Но осуществление трагического миросозерцания требует силы и воли. Когда воля и силы иссякают, в жизнь вторгаются отвлеченные истины, подтачивающие первоначальную целостность жизнеутверждения. Так случалось и в Греции. Смертельный удар трагической концепции мира нанесен был философией Сократа, его диалектикой, служившей средством вскрыть иррациональность выбора, лежащего в основе всякой деятельности, — и отвергнуть этот выбор. Мысль становится орудием испытания жизни; смысл торжествует под бытием.
Процесс Сократа есть безнадежная попытка эллинства защитить себя от вторжения этого разлагающего начала. Судьи Сократа стояли перед безысходной дилеммой: терпимость была исконной особенностью эллинского духа; но учение Сократа взрывало основу эллинства. И, стало быть, осуждая или оправдывая Сократа, судьи одинаково эллинству изменяли.
Явление Сократа знаменует собою конец трагического миросозерцания. И первая попытка возвращения к нему происходит через два тысячелетия, — когда Ницше, в идее Вечного Возвращения, находит новое оправдание жизни, новое основание для целостного ее приятия. Но, совпадая с эллинством в утверждении жизни, Ницше вводит новый, чуждый и враждебный эллинству, момент — жажду вечности, искажая тем подлинно трагическую концепцию, укорененную в единственности и неповторимости сущего. Пример Ницше должен служить предостережением для всех тех, кто думает о новом Возрождении как рецепции эллинского миросозерцания.
Новое Возрождение предполагает прежде всего преодоление современной культуры. Мы продолжаем жить в мире Сократа: современность — есть лишь последний вывод из разрушительной диалектики смыслов. При этом культура наша не имеет какой-либо одной, всецело ее проникающей идеи, а до конца эклектична. Под влиянием иллюзорной устойчивости, явившейся результатом сравнительной безопасности в течение нескольких веков (XVIII–XIX), культура, перестав быть тем, чем она в существе своем является, т. е. средством самозащиты и самоутверждения, распалась на свои составные части, а отдельные ценности, перестав быть необходимыми, сделались игрушками и предметом праздных умствований. Культура начала развиваться по своей, уже нечеловеческой инерции.
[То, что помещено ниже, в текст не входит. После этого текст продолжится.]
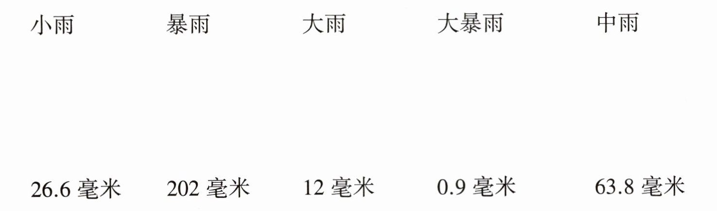 (3)小科用雨量器收集了 24 小时的降水,这些降水的高度是 12 毫米,用量筒测得它们的体积是 28 毫升,这一天的降水量应该记录为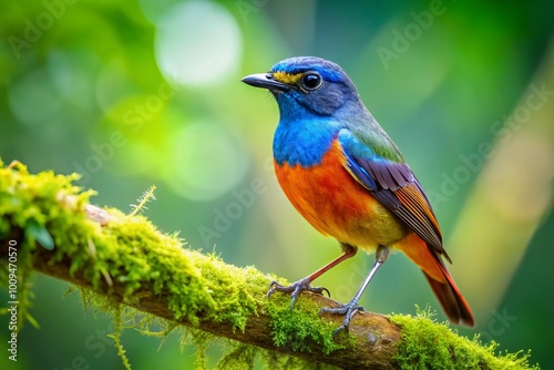 © Man888, Fototapeta premium Serene Tourterelle Perched on a Branch Amidst Lush Green Foliage in Soft Natural Light Environment

Так возникли «чистая» наука, «чистое» искусство. Ритм современности — ритм не человеческий, но ритм чуждой человеку, оторвавшейся от него силы. Ценности восстали на своего создателя: они существуют не для него, а для себя. Основная антиномия современной культуры в том, что, не будучи внутренно-обязующей, она стала внешне-принудительной. И в то время как естественный путь культурного восхождения ведет от сложности и многообразия к простоте, мы идем обратным путем — к новой сложности, к варварству.
Наметившееся после войны тяготение к простоте — приведет ли оно в новому Возрождению? Если суждено этому произойти, то не нового обогащения настоящего через прошлое надо ждать, а замены всей идейной сложности настоящего — другими, совершенно противоположными ценностями; не синтеза, на основе которого никакое действие построено быть не может, а решительного, однозначного выбора. И первая задача на этом пути — вернуть человеку прямое и конкретное видение мира и вещей. От эротического узрения мира — прямой и ясный путь к другим моментам трагического мироотношения.